Problem - Below are the records; print them again exactly and omit the pictures.

+++++

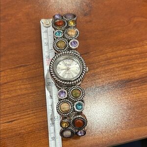 Elevate your style with the Women's Silver Multi-Color Bracelet Watch. Featuring a stunning array of colorful stones, this watch adds a vibrant touch to any outfit. Perfect for any occasion.
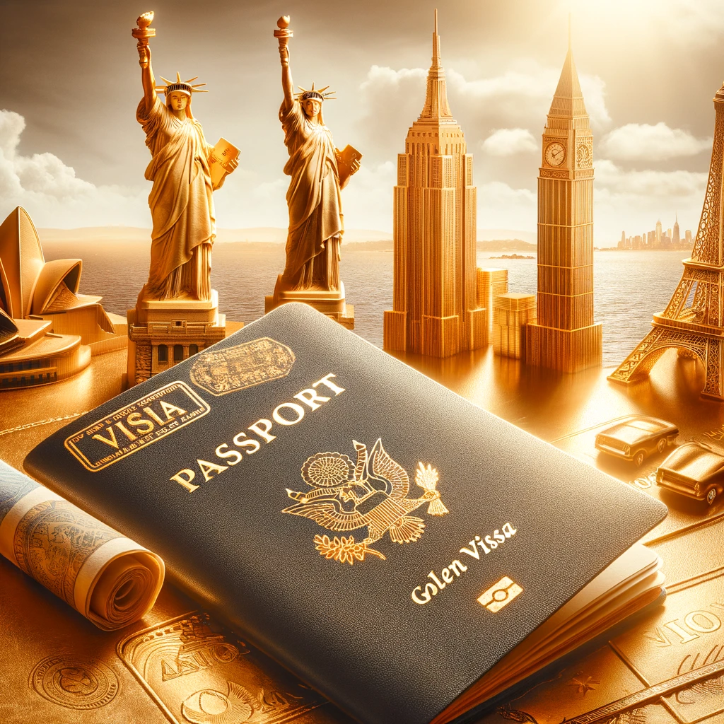 • DALL·E 2024-04-14 19.51.52 – A luxurious golden passport open to reveal visa stamps, set against a backdrop of famous global landmarks like the Eiffel Tower, the Statue of Liberty
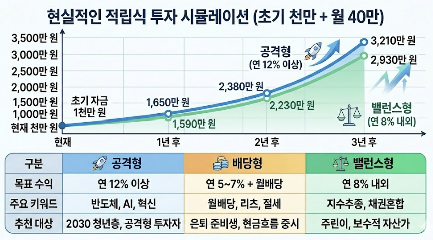 3년 투자 시 예상 수익 비교 구분 공격형 배당형 밸런스형 목표 수익 연 12% 이상 기대 연 5~7% + 월배당 연 8% 내외 안정적 주요 키워드 반도체, AI, 혁신 월배당, 리츠, 절세 지수추종, 채권혼합 추천 대상 2030 청년층, 공격형 투자자 은퇴 준비생, 현금흐름 중시 주린이, 보수적 자산가
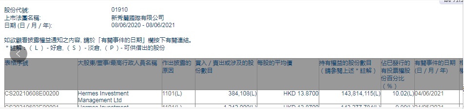 智通财经APP获悉,香港联交所最新资料显示,6月4日,Hermes Investment Management增持新秀丽(01910)约38.4万股,每股作价13.87港元,总金额约为532.76万港元。增持后最新持股数目约为1.44亿股,最新持股比例为10.02%。
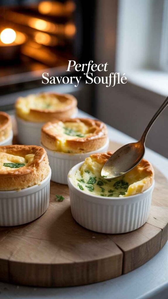 Make the base in advance if you need to manage the timing. Prepare your ramekins carefully. Whip your whites properly. Fold gently and confidently. Then set your table, pour something cold and white into a glass, and pull from your oven four of the most satisfying, beautiful things your kitchen has ever produced. Serve immediately, eat without hesitation, and enjoy the considerable satisfaction of having done something that everyone assumed was beyond them — and made it look completely effortless.
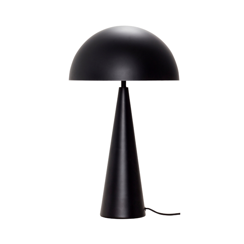 Denne bordlampe er lavet af sort metal. Lampeskærmen og den kegleformede fod skaber en svampelignende form, som understreger lampens flotte design. Du kan placer lampen på dit skrivebord, i vinduet eller på sofabordet.
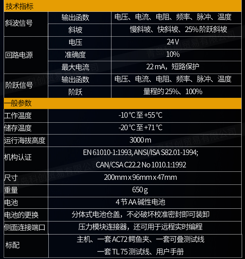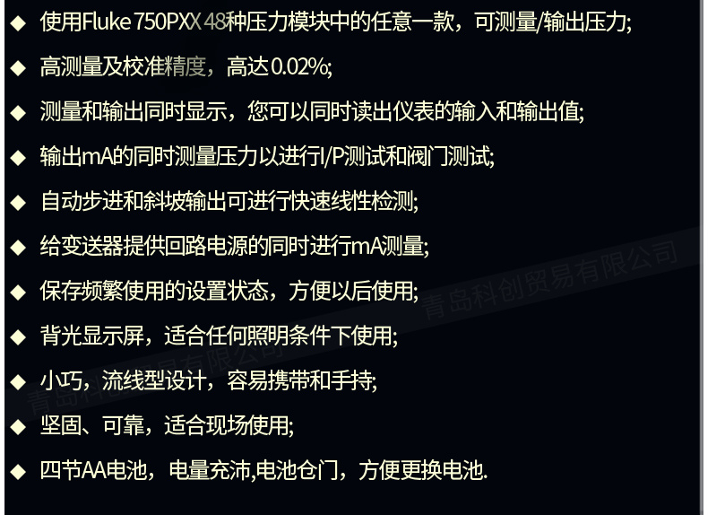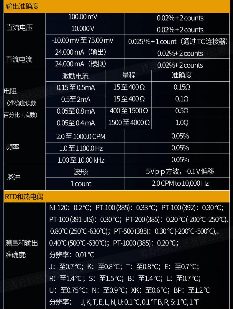 測量和輸出同時顯示,您可以同時讀出儀表的輸入和輸出值,測量伏特、毫安、鉑電阻(RTD)、熱電偶、頻率和歐姆的功能,可測試傳感器/變送器,輸出/模擬電壓、電流、熱電偶、鉑電阻(RTD)、頻率、電阻和壓力
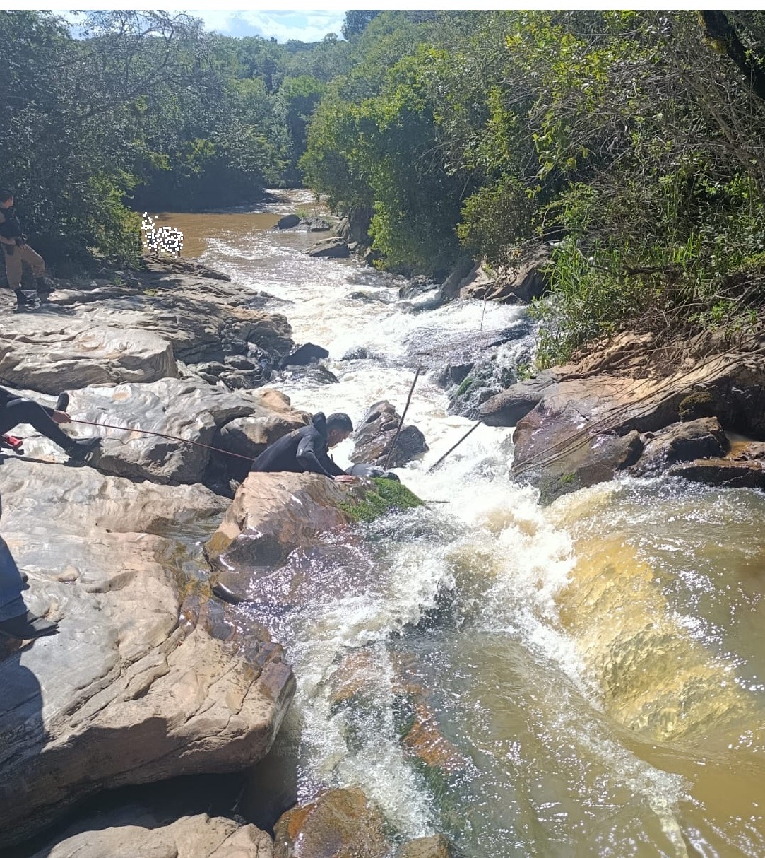 Chegando ao local, os militares foram informados por testemunhas de que a vítima (homem, 23 anos) já estava submersa há cerca de uma hora, encontrando-se presa às pedras em uma área de corredeira de difícil acesso.

+++++

Result for this exercise -
 Elevate your style with the Women's Silver Multi-Color Bracelet Watch. Featuring a stunning array of colorful stones, this watch adds a vibrant touch to any outfit. Perfect for any occasion.
 • DALL·E 2024-04-14 19.51.52 – A luxurious golden passport open to reveal visa stamps, set against a backdrop of famous global landmarks like the Eiffel Tower, the Statue of Liberty
 3년 투자 시 예상 수익 비교 구분 공격형 배당형 밸런스형 목표 수익 연 12% 이상 기대 연 5~7% + 월배당 연 8% 내외 안정적 주요 키워드 반도체, AI, 혁신 월배당, 리츠, 절세 지수추종, 채권혼합 추천 대상 2030 청년층, 공격형 투자자 은퇴 준비생, 현금흐름 중시 주린이, 보수적 자산가
 智通财经APP获悉,香港联交所最新资料显示,6月4日,Hermes Investment Management增持新秀丽(01910)约38.4万股,每股作价13.87港元,总金额约为532.76万港元。增持后最新持股数目约为1.44亿股,最新持股比例为10.02%。
 Make the base in advance if you need to manage the timing. Prepare your ramekins carefully. Whip your whites properly. Fold gently and confidently. Then set your table, pour something cold and white into a glass, and pull from your oven four of the most satisfying, beautiful things your kitchen has ever produced. Serve immediately, eat without hesitation, and enjoy the considerable satisfaction of having done something that everyone assumed was beyond them — and made it look completely effortless.
 Denne bordlampe er lavet af sort metal. Lampeskærmen og den kegleformede fod skaber en svampelignende form, som understreger lampens flotte design. Du kan placer lampen på dit skrivebord, i vinduet eller på sofabordet.
 測量和輸出同時顯示,您可以同時讀出儀表的輸入和輸出值,測量伏特、毫安、鉑電阻(RTD)、熱電偶、頻率和歐姆的功能,可測試傳感器/變送器,輸出/模擬電壓、電流、熱電偶、鉑電阻(RTD)、頻率、電阻和壓力
 Chegando ao local, os militares foram informados por testemunhas de que a vítima (homem, 23 anos) já estava submersa há cerca de uma hora, encontrando-se presa às pedras em uma área de corredeira de difícil acesso.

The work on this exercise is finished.